CU Interim Chancellor Phil DiStefano has announced his decision to dismiss Ward Churchill after an investigation exposing academic fraud:
I have carefully reviewed the Report of the Investigative Committee, Professor Churchill’s responses to the Committee, and the Recommendations of the Standing Committee on Research Misconduct. I have met with and obtained the separate input of Provost Susan Avery and Todd Gleeson, the Dean of the College of Arts & Sciences. I met with Professor Churchill and his attorney, David Lane. After conducting the due diligence I felt was necessary, I have come to a decision regarding the recommendations of the Standing Committee on Research Misconduct pertaining to Professor Ward Churchill. Today, I issued to Professor Churchill a notice of intent to dismiss him from his faculty position at the University of Colorado, Boulder.
The Ward Churchill case as been interesting to follow. I've agreed with Steve Bainbridge and Glenn Reynolds who both think he shouldn't be canned but rather rigorously criticized because of his screed praising the deaths of the 9/11 victims (This line applauds the deaths: "If there was a better, more effective, or in fact any other way of visiting some penalty befitting their participation upon the little Eichmanns inhabiting the sterile sanctuary of the twin towers, I'd really be interested in hearing about it"). Bainbridge wrote:
This is one of those occasions when those of us on the right need to suck it up and echo the line famously attributed to Voltaire: "I disapprove of what you say, but I will defend to the death your right to say it." We do not remain true to our values if we are willing to say "free speech for me, but not for thee," even if that is what Churchill likely would say if the shoe were on the other foot.
He's right.

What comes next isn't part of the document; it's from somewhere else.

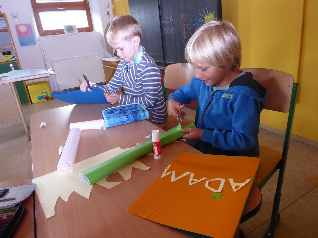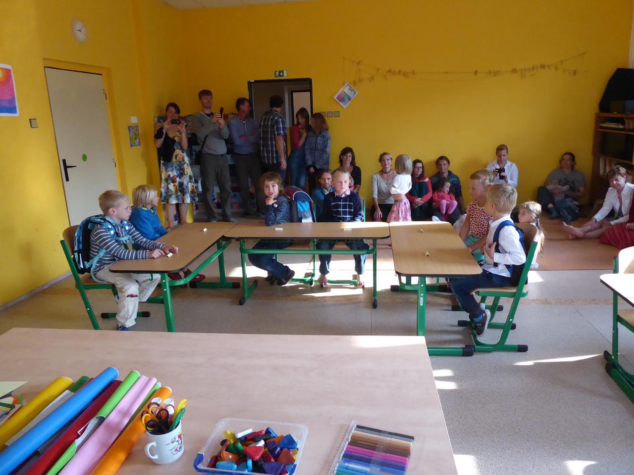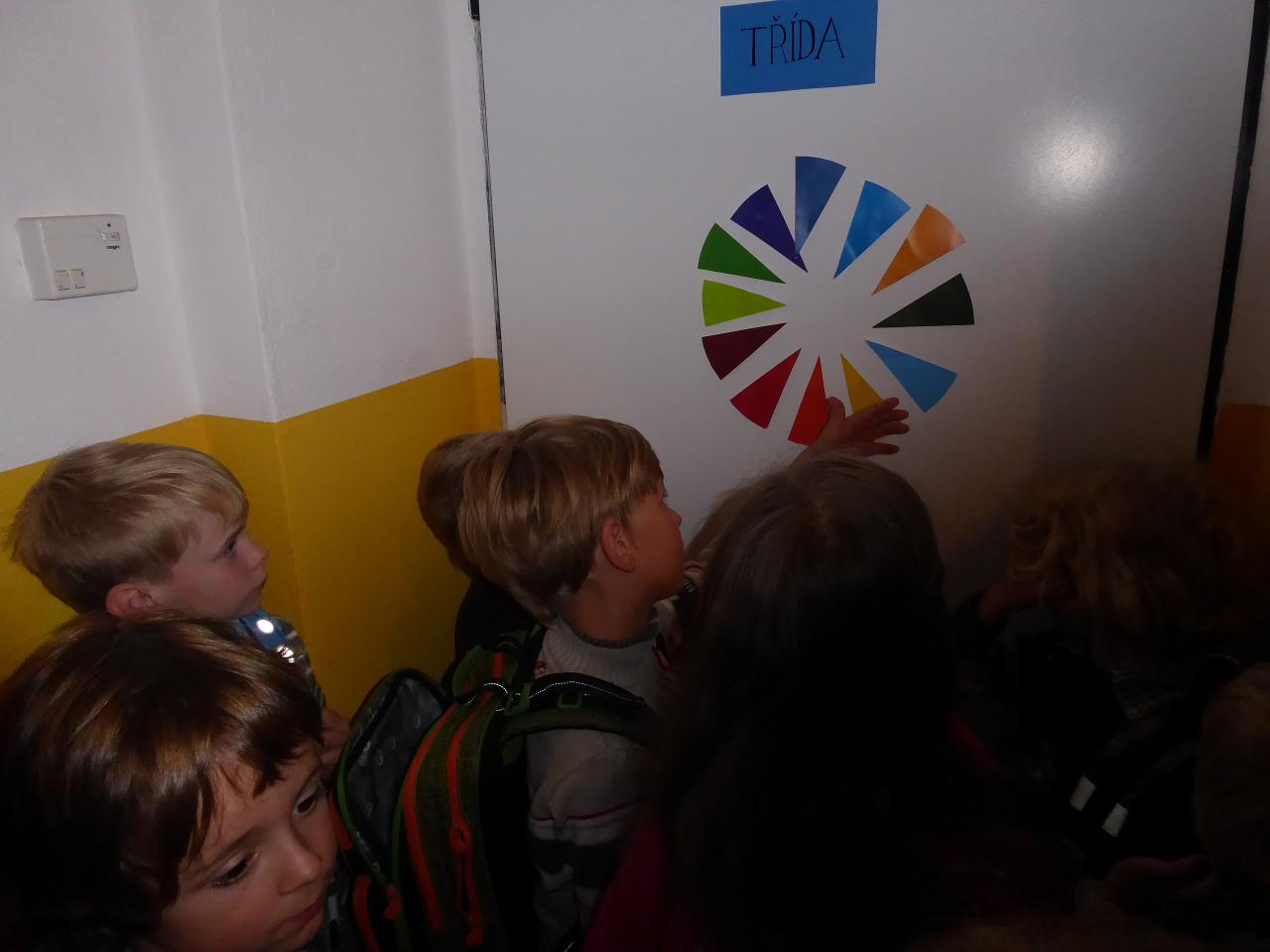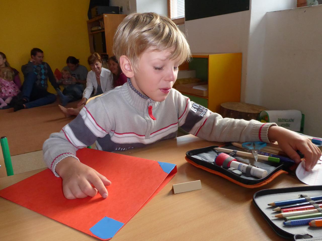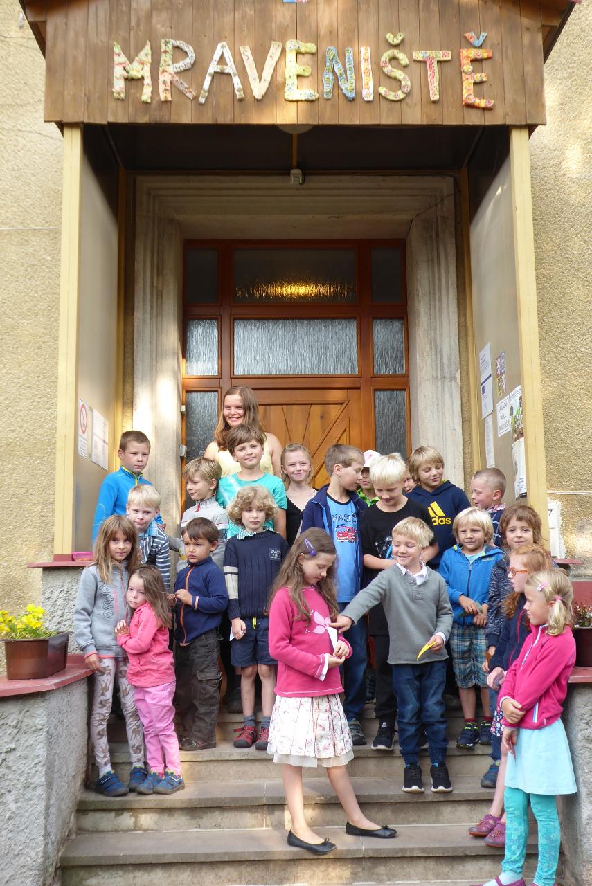 Nejdřív venku u ohniště přivítáním mravenčí písničkou, pak hledáním dílků společných kruhů rozesetých po hřišti, a nakonec po cestě vzhůru schodištěm až ke své třídě si každý našel svoje místo. Také jsme si ozdobili desky a slavnostní den pak uzavřeli společným kruhem i s rodiči se vzájemným sdílením zážitků.A co nás čeká do konce týdne? O tom zase třeba někdy příště...

If we start firing the Ward Churchill's of the academic sphere for speech, than there is nothing holding the left-wing faculties back from firing right-wing professors for much less offensive statements. Protecting Churchill from termination for his speech is good principle and good practice.
But this all speaks to his views and comments about September 11. The charges of academic fraud (pdf alert) and falsifying his ethnic background take this discussion of termination to a new realm. He lied about his scholarship and his racial affiliation in an attempt to build credibility as a scholar and public intellectual speaking on the behalf of American Indians. With this being the case, he ought to be disciplined or fired. A lot of this reminds many historians, including myself, about the Joseph Ellis affair a few years ago at Mount Holyoke. Ellis is the author of several books about the Founders, but fabricated the fact that he was a high school football hero, a paratrooper in Vietnam, and embellished his role in the civil rights and antiwar movements. He was suspended from Mount Holyoke for a year without pay and stripped of his endowed chair. Check out Peter Hoffer's Past Imperfect which covers the controversy. Of course, none of this really misinformed his students on important historical events, but he was rightly disciplined for reprehensible behavior in a scholar.
The same standard must apply to Ward Churchill, which DiStefano has decided is the correct path. It would seem to me that the charges against Churchill are much more serious than those brought against Ellis (Ellis is a Pulitzer Prize winner and a first-rate historian, with no charges of plagiarism on his record but does share a fabricated background). As I stated above, this standard must apply across the board regardless of a professor's viewpoints since academic dishonesty is culpable whether it's done by left-wing or right-wing ideologues.